In Ethiopia, similar to other parts of Sub-Saharan Africa, farmland degradation impacts about 85% of the urban and rural population. As a coping mechanism to climate change and reversing degradation levels, farmers integrate Trees on Farm (ToF) through farmer-led restoration strategies e.g, traditional agroforestry or woodlot systems. ToF practices can potentially bring economic and ecological gains but their production and technical efficiency remains overlooked globally.
The current publication estimates the technical (management) efficiency of farmers who implement the ToF strategies, i.e., the extent to which the farmers can achieve the highest output level given their set of inputs. We also analyze the drivers of technical inefficiency by controlling for geographical, biophysical, and production system attributes, household traits and institutional settings.
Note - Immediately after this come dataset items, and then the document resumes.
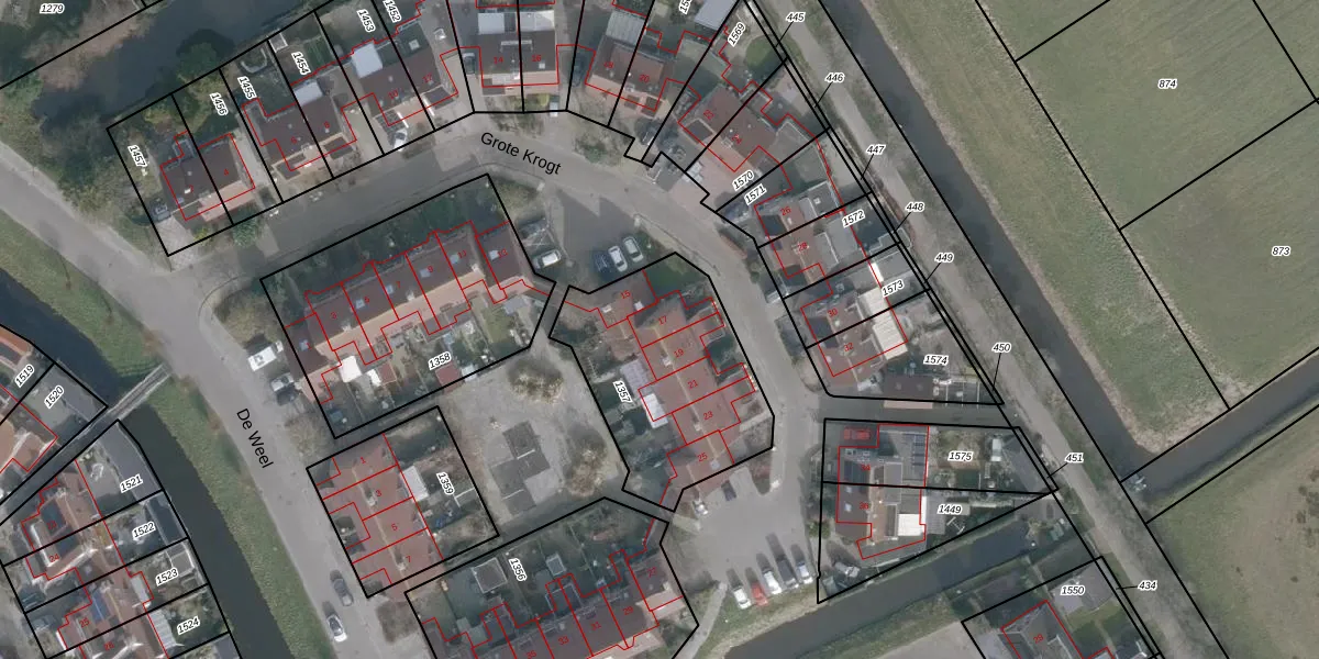 Het perceel waarop Grote Krogt 17 staat heeft een oppervlakte van 771 m². Dit is een groot perceel. De perceeloppervlakte wordt geregistreerd door het Kadaster. Gedetailleerde informatie over de maten van dit perceel kunt u vinden in het rapport Kadastrale kaart met maatvoering van Grote Krogt 17.
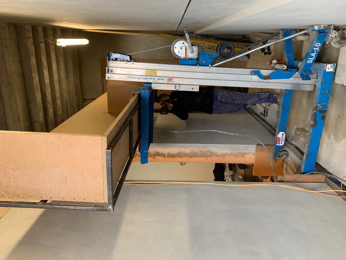 We quickly realised that the metal frame had better be the other way around to aid tipping and pulling it between the ceilings.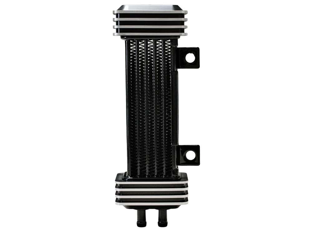 The cooler mounts to the left frame down-tube, spaced away from the frame to allow airflow to both the oil cooler and engine’s cylinders. The cooler is mounted to the frame using un ique, highly-durable, Uralite mounts which have a shock-absorbing effect and clean styling. The Deluxe Oil Cooler’s, six-tube, two-pass design offers three-times the cooling surface than our closest competitor. Special in-line turbulators add to the cooler’s efficiency with minimal oil pressure loss or restriction. Aluminum construction with durable powder coated finish. Billet aluminum end caps with machined fins match and complement the style of the engine’s cooling fins.
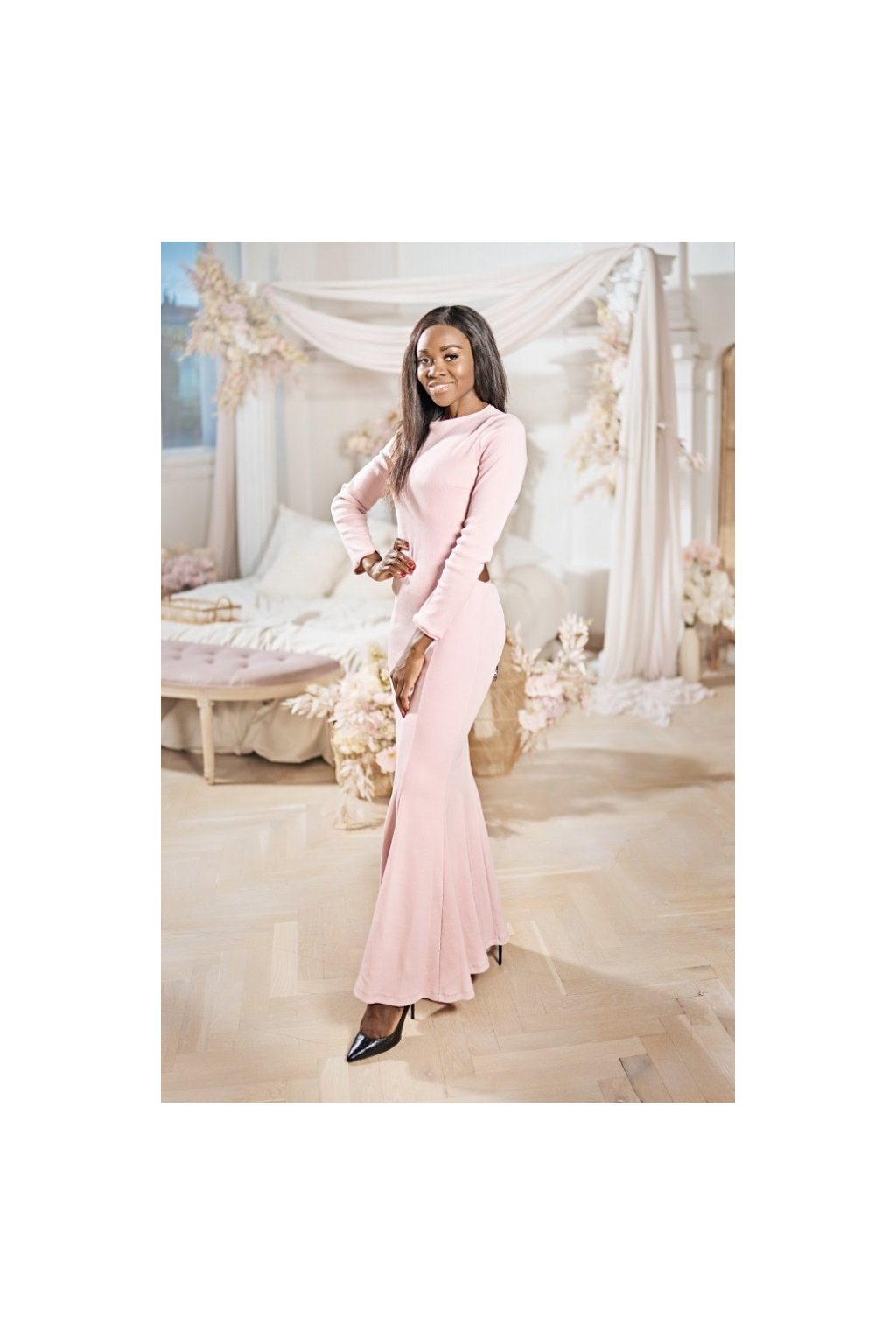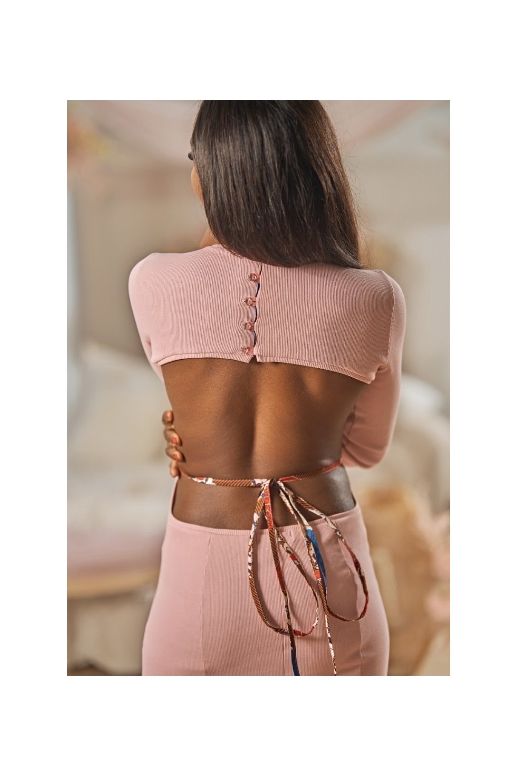 Elegantní růžové pohodlné šaty s odhalenými zády

Our results indicate that a large proportion of farmers are technically inefficient. Also, technical inefficiency is simultaneously determined by ecological zones, access to markets, access to communal carbon payments, forest user groups, training, land title factors, rotation age and product diversification, among others.
We recommend that, both policy makers and forest landscape restoration practitioners should consider the above factors to improve the efficiency management of farmer-led restoration strategies in Ethiopia and the global south.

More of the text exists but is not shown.